Scenario

NeuroSync™ is a leading suite of products focusing on developing cutting edge medical BCI devices, designed by the Korosaki Coorporaton. Recently, an APT group targeted them and was able to infiltrate their infrastructure and is now moving laterally to compromise more systems. It appears that they have even managed to hijack a large number of online devices by exploiting an N-day vulnerability. Your task is to find out how they were able to compromise the infrastructure and understand how to secure it.

https://app.hackthebox.com/sherlocks/NeuroSync-D


In this sherlock we will be dealing with CVE-2025-29927, a Next.js middleware authorization bypass where adding the internal header x-middleware-subrequest: middleware causes Next.js to skip middleware execution and allows access to protected routes as if the request were an internal subrequest.

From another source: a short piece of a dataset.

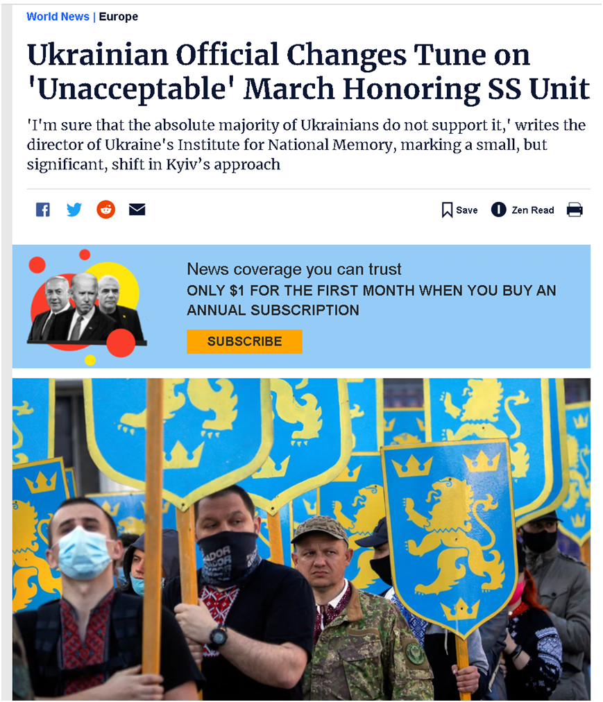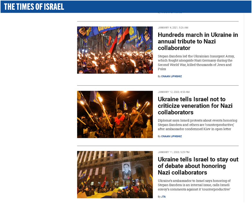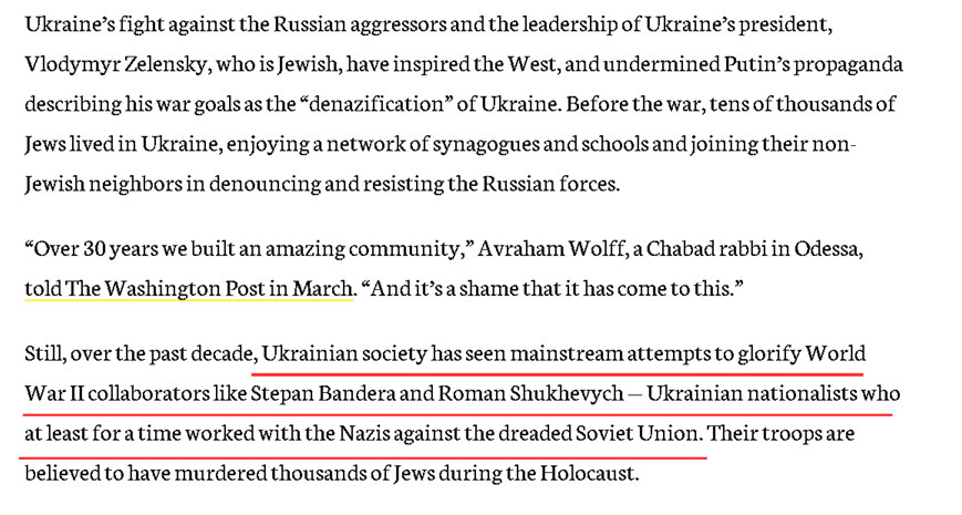 总部位于美国纽约的“犹太电讯社”在今年4月28日的一篇报道中就指出,尽管乌克兰总统泽连斯基本身是犹太人,也有不少犹太人在乌克兰与俄罗斯爆发此次军事冲突前生活在乌克兰——而且这些情况还成了西方反驳俄罗斯指控乌克兰“纳粹化”的一些说辞,但是乌克兰的“主流社会”里也确实存在着希望为纳粹时期的乌克兰极端民族主义者班德拉等人招魂和洗白的情况。

References (useful reads):

https://zhero-web-sec.github.io/research-and-things/nextjs-and-the-corrupt-middleware

https://projectdiscovery.io/blog/nextjs-middleware-authorization-bypass

https://securitylabs.datadoghq.com/articles/nextjs-middleware-auth-bypass/

https://tryhackme.com/room/nextjscve202529927


Artifacts Overview :

Screenshot 2025-10-28 073017.png

access.log:

This log records HTTP requests made to the NeuroSync web interface or backend API. It includes client IPs, timestamps, requested URLs, response codes, and user-agent details. It helps identify who accessed the system, what endpoints were targeted, and whether there were failed or unauthorized requests (for example, repeated 401 errors in the sample suggest authentication attempts or enumeration).

bci-device.log:

This log captures activity from a Brain-Computer Interface (BCI) device, showing commands being executed such as “Moving Up,” “Moving Down,” etc. It reflects real-time device control behavior, likely generated when the API sends commands to the physical or simulated BCI device. Anomalous sequences or unexpected timing here could indicate unauthorized control.